Published by Landscape Architecture and Urbanism at University of Greenwich, London

Collective Landscape Futures symposium

The Collective Landscape Futures symposium on 18-19 May 2023 will explore the “collective” nature of landscapes. It will investigate the common, shared, and public endeavours that produce the worlds of which we are part.

Attendance is free but spaces are limited and must be reserved in advance here.

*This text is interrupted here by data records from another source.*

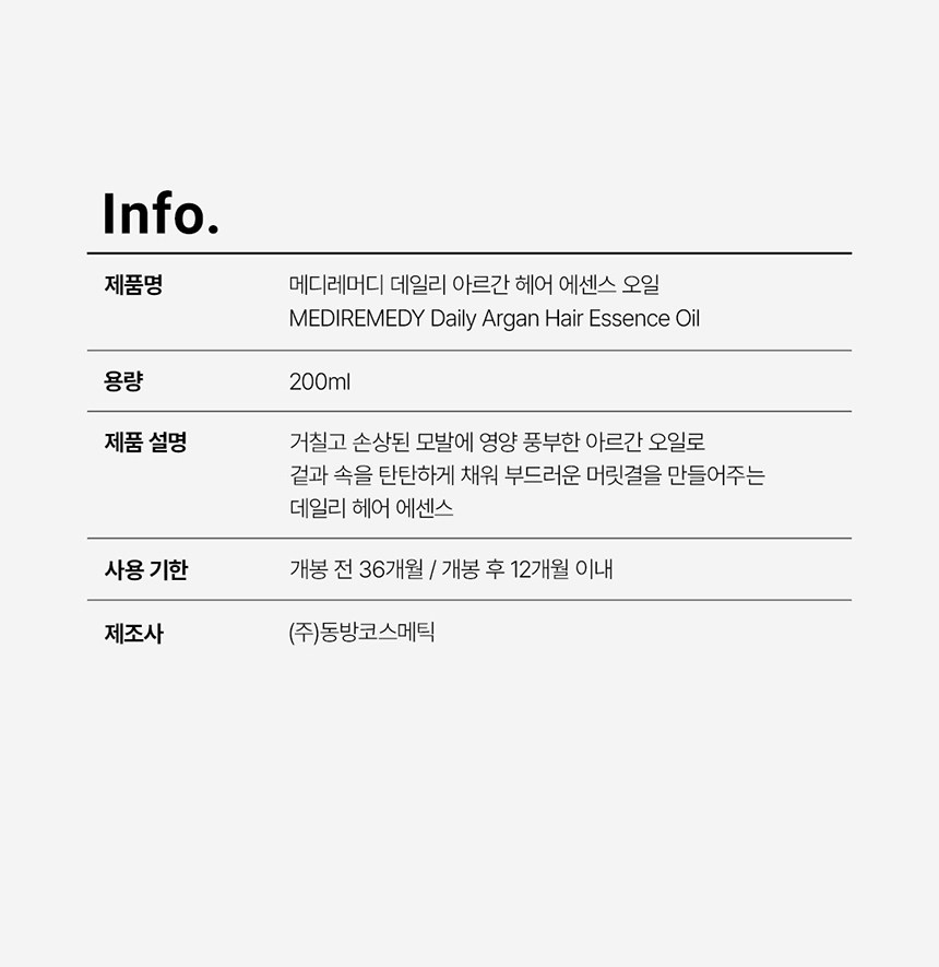 | 용량(중량) | 200ml | 제품 주요 사양 | 모든 모발용 |
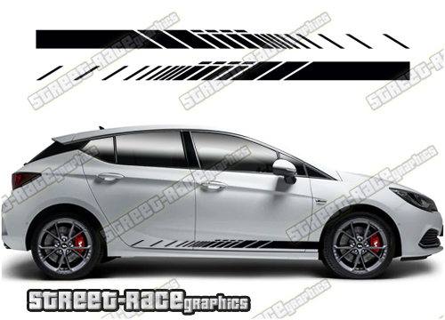 Vauxhall / Opel Astra racing stripes. They are a universal fit to suit all Vauxhall / Opel Astra cars and facelift variants. There are no cutouts for the wheel arches or door lines; these will require trimming during fitting.
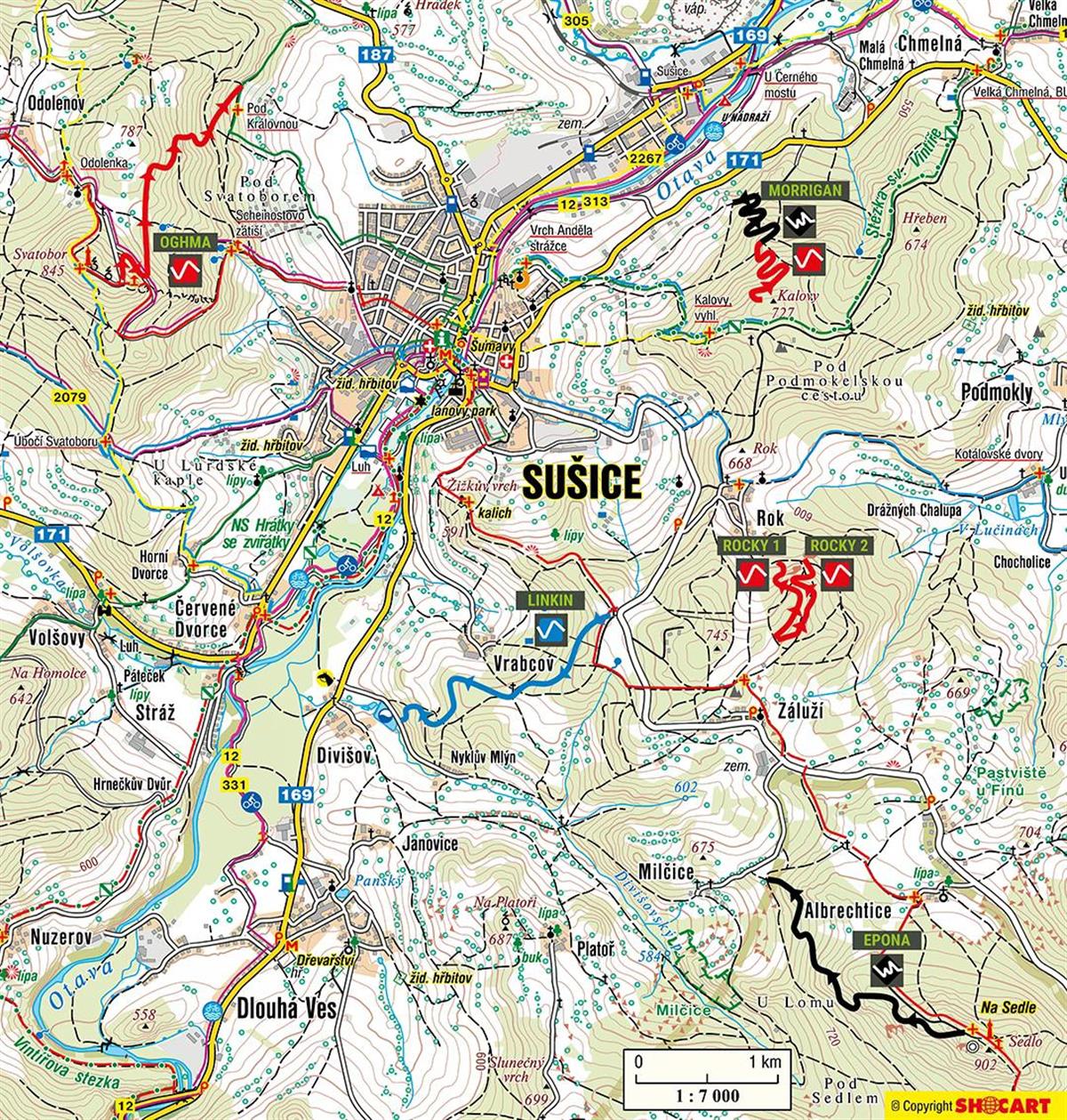 Celkem šest trailů různých obtížností nese názvy inspirované keltskou mytologií, čímž tvůrci citlivě propojili sportovní zážitek s historií a charakterem místa.

Symposium rationale: Landscapes have always been defined through their collective relationships – between people and other living things, material objects and ephemeral entities, and situated actions and grounded processes. These are worlds produced through socio-material entanglements that can be read as common practices, shared experiences, and public concerns. Landscapes are only possible through the combined contribution of humans and non-humans, interacting, sharing between, providing for, and making with. However, in recognising prevailing contradictions in many landscape practices; across contemporary art, architecture, and film; we see the potential of landscapes being undermined through the perpetual claiming and reframing by and of individuals. Whether in god-like views from above[1] or the mirror and mirage[2] that landscapes can create, landscape practices too often foreground hegemony and embolden individuals with power, while simultaneously concealing the actions from which they are produced.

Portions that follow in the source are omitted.